Every line from the one containing "Western blot detection" to the one containing "Pavle (Serbian Cyrillic: Павле, Paul;" in the records below, both included, must be set down exactly, and no other line.

- _EXERCISE INPUTS_:

=== Section Start ===

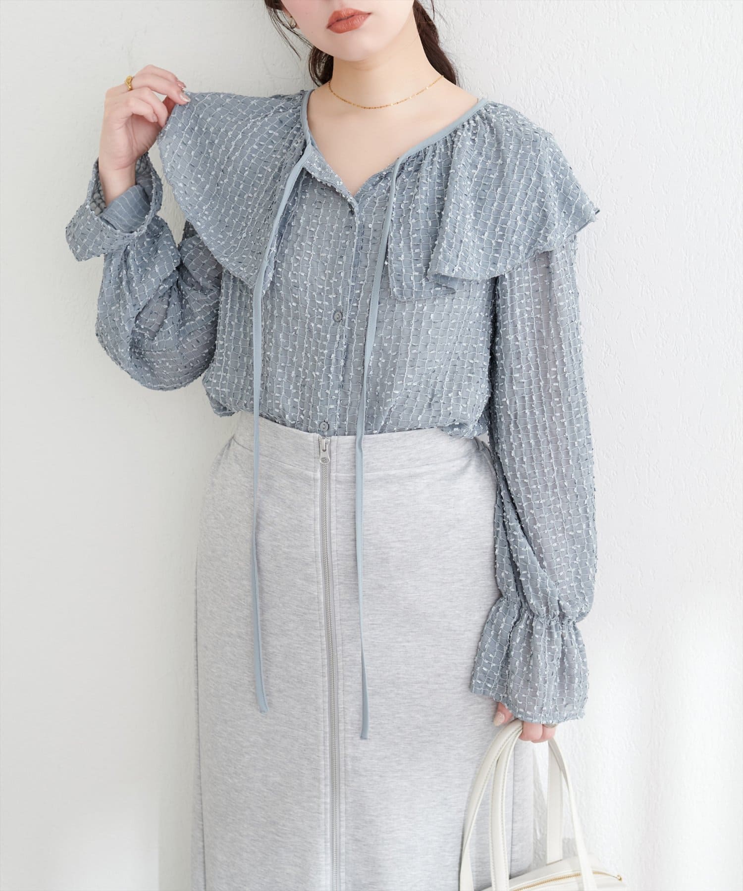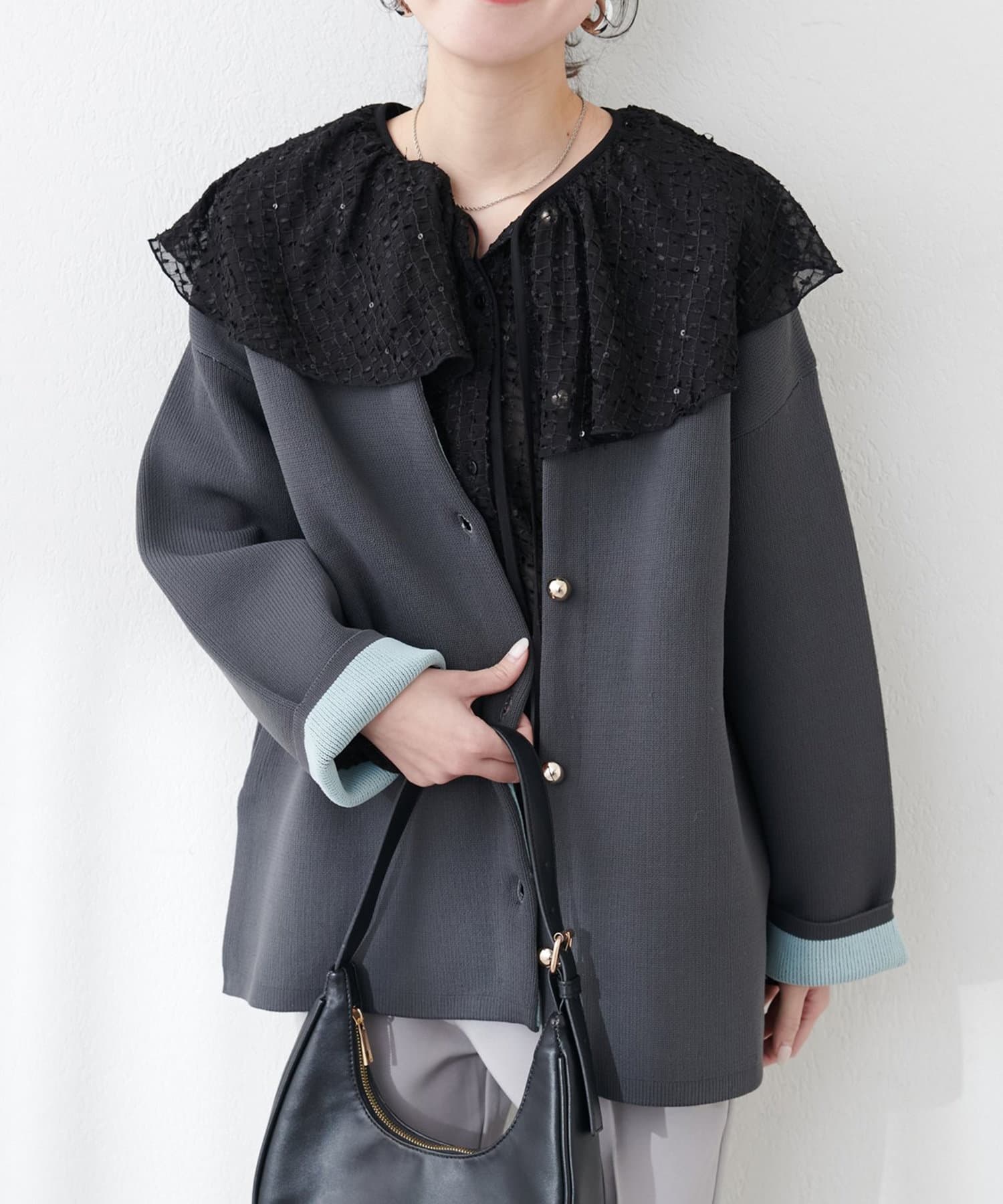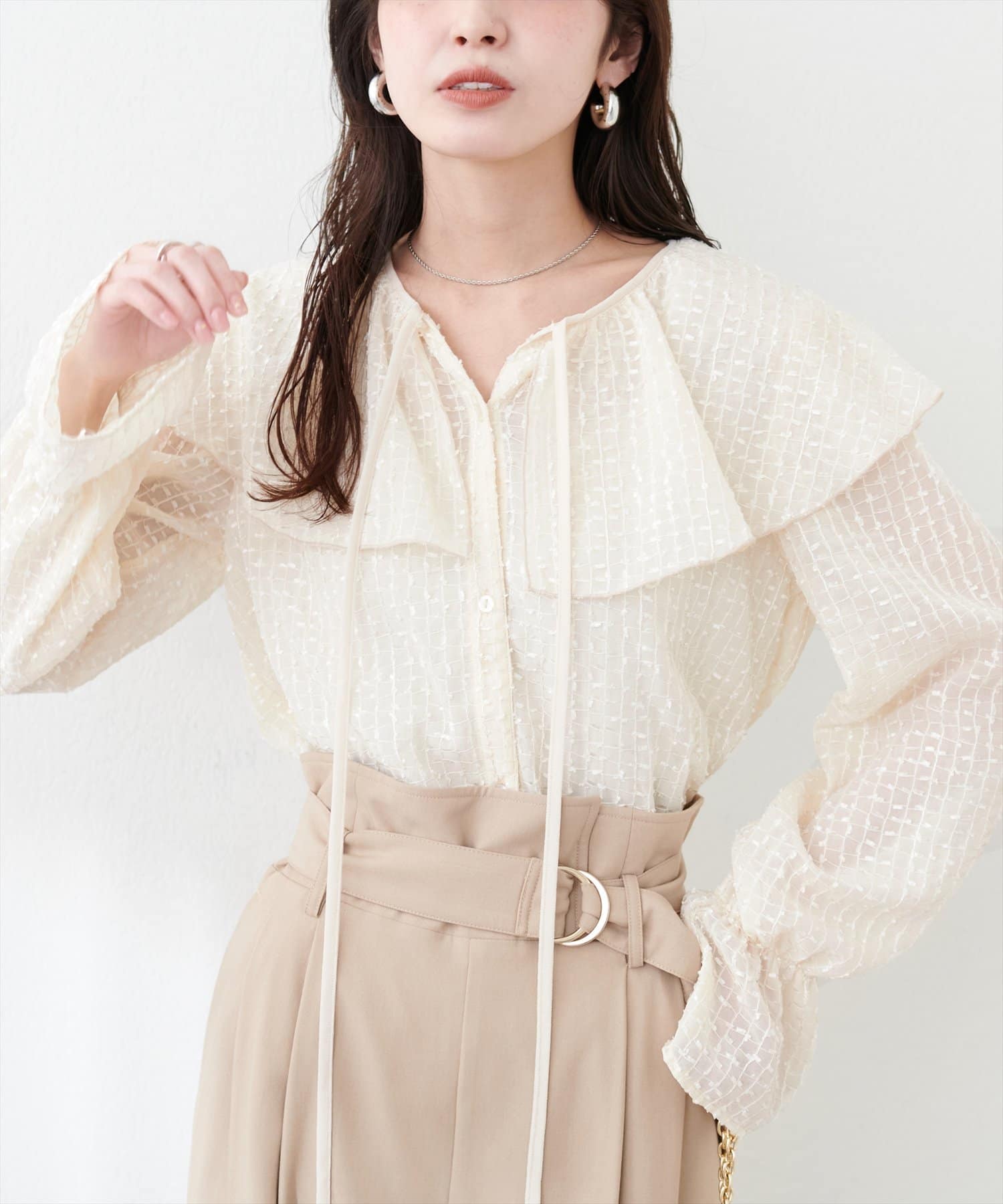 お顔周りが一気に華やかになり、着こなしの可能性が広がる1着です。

=== Section End ===
=== Section Start ===

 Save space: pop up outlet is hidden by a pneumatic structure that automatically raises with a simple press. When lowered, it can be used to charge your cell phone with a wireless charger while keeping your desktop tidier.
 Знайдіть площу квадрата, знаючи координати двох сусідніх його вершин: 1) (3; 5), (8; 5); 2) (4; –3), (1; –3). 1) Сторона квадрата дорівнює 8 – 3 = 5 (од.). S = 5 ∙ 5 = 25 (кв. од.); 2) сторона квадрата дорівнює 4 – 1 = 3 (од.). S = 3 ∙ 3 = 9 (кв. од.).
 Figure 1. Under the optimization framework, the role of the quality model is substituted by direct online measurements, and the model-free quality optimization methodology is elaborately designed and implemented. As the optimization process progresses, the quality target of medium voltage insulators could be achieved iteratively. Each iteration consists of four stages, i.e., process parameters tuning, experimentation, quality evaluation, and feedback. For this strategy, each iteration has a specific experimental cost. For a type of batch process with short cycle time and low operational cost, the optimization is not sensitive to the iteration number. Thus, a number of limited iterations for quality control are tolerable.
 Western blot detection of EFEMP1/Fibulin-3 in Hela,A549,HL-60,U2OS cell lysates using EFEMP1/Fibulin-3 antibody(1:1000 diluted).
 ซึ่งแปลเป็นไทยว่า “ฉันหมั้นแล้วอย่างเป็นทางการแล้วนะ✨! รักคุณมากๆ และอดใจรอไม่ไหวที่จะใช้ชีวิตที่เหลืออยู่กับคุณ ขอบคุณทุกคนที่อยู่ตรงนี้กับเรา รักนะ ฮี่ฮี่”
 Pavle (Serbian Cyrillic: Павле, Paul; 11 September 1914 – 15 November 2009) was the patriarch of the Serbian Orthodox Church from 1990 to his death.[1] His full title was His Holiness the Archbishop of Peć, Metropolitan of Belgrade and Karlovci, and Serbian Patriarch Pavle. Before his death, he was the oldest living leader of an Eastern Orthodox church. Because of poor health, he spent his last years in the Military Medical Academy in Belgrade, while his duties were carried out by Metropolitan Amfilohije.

=== Section End ===
=== Section Start ===

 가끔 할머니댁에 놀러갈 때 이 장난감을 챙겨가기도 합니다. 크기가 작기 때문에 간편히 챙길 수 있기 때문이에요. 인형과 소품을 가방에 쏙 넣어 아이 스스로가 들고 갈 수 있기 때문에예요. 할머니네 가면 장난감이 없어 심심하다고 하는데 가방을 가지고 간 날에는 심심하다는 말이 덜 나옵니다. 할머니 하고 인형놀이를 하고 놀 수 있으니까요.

=== Section End ===

- _COMPLETED TASK_:
 Western blot detection of EFEMP1/Fibulin-3 in Hela,A549,HL-60,U2OS cell lysates using EFEMP1/Fibulin-3 antibody(1:1000 diluted).
 ซึ่งแปลเป็นไทยว่า “ฉันหมั้นแล้วอย่างเป็นทางการแล้วนะ✨! รักคุณมากๆ และอดใจรอไม่ไหวที่จะใช้ชีวิตที่เหลืออยู่กับคุณ ขอบคุณทุกคนที่อยู่ตรงนี้กับเรา รักนะ ฮี่ฮี่”
 Pavle (Serbian Cyrillic: Павле, Paul; 11 September 1914 – 15 November 2009) was the patriarch of the Serbian Orthodox Church from 1990 to his death.[1] His full title was His Holiness the Archbishop of Peć, Metropolitan of Belgrade and Karlovci, and Serbian Patriarch Pavle. Before his death, he was the oldest living leader of an Eastern Orthodox church. Because of poor health, he spent his last years in the Military Medical Academy in Belgrade, while his duties were carried out by Metropolitan Amfilohije.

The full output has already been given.